Today's Elites

Wednesday, April 01, 2015

Economics is Not the Same as Monetary Profit

A recent report that I happened across today exemplifies the total lack of understanding of economics prevalent among today's academics. The report argues that "The constant use of economic arguments in defense of research funding perpetuates a rarely articulated but implicit misconception that the natural sciences should be subservient to economics in the pecking order of intellectual authority."

This is flat out wrong. The reason is that the popular concept of economics is that it is defined (consciously or not) as any activity that produces a monetary profit. So, for instance, if we make swindling legal (which is all that most economists' palaver about innovative deregulation is) then it's now economics! 

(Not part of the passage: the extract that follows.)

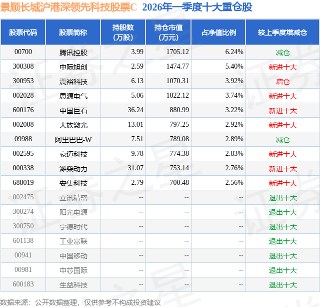 从基金规模来看,景顺长城沪港深领先科技股票C基金2026年一季度公布的基金规模为0.01亿元。该基金最新一期资产配置为:股票占净值比85.3%,债券占净值比1.98%,现金占净值比7.8%。从基金持仓来看,该基金当季前十大股票仓位达36.48%,第一大重仓股为腾讯控股(00700),持仓占比为6.24%。

Go to the popular market monitoring Internet sites like MSNBC and you will experience with very little digging all sorts of supposedly objective articles pushing the "economics" of pornography, prostitution and illegal drugs, for instance. Money, as anyone not brain dead knows, is merely a convenient fiction that can be issued at will. It is only the force of an arranged political agreement that gives it backing. So when Abraham Lincoln issued "greenbacks" that were the basis for internal improvements including the construction of the continental railway the force of the Union being victorious in the civil war provided their credit worthiness. Of course, we know what happened to the worth of the Confederate notes of Jefferson Davis. 

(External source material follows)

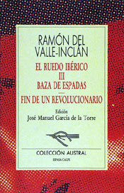En Baza de Espadas, última parte de la trilogía El Ruedo Ibérico y cuya acción se desarrolla en el verano de 1868, plantea don Ramón del Valle-Inclán el contraste entre la Reina de los tristes destinos y el movimiento revolucionario que significa la protesta de todo un pueblo que exige buenos ejemplos en las alturas. Frente a los terrores y liviandades de la Corte y sus camarillas se alza la figura de Salvochea, un santo laico, de los santos que canoniza el pueblo soberano. A lo largo de la obra se van combinando datos históricos e imaginarios. En todo brilla el arte de Valle-Inclán, que pone en pie sobre la escena un cuadro de enorme plasticidad en el que pululan personajes deformes y esperpénticos. José Manuel García de la Torre, especialista en la trilogía, ofrece en esta edición todas las claves históricas de la obra, a la vez que analiza su gran riqueza lingüística y literaria. Este volumen incluye, además, Fin de un revolucionario, obra inacabada pero conexa con El Ruedo Ibérico.

"The fault, dear academics, is not in our stars, but in ourselves, that we are underlings." True science is the only pathway for the future survival for humanity. It is the responsibility to enable that sort of science to profit and to deter that which has the opposite effect. For example, should it be profitable to develop a means to defend ourselves from meteor impacts, from drought, or from earthquakes? Or should our priority be to fund meretricious research into ways to win at Texas Hold'em?

The definition of economics is purely political. This is why we have the risible threat from Wall Street that any candidate that takes away their feeding trough by returning to the Glass-Steagall regulation of the separation of "investment banking" from deposit banking will be punished by being cut off from funding.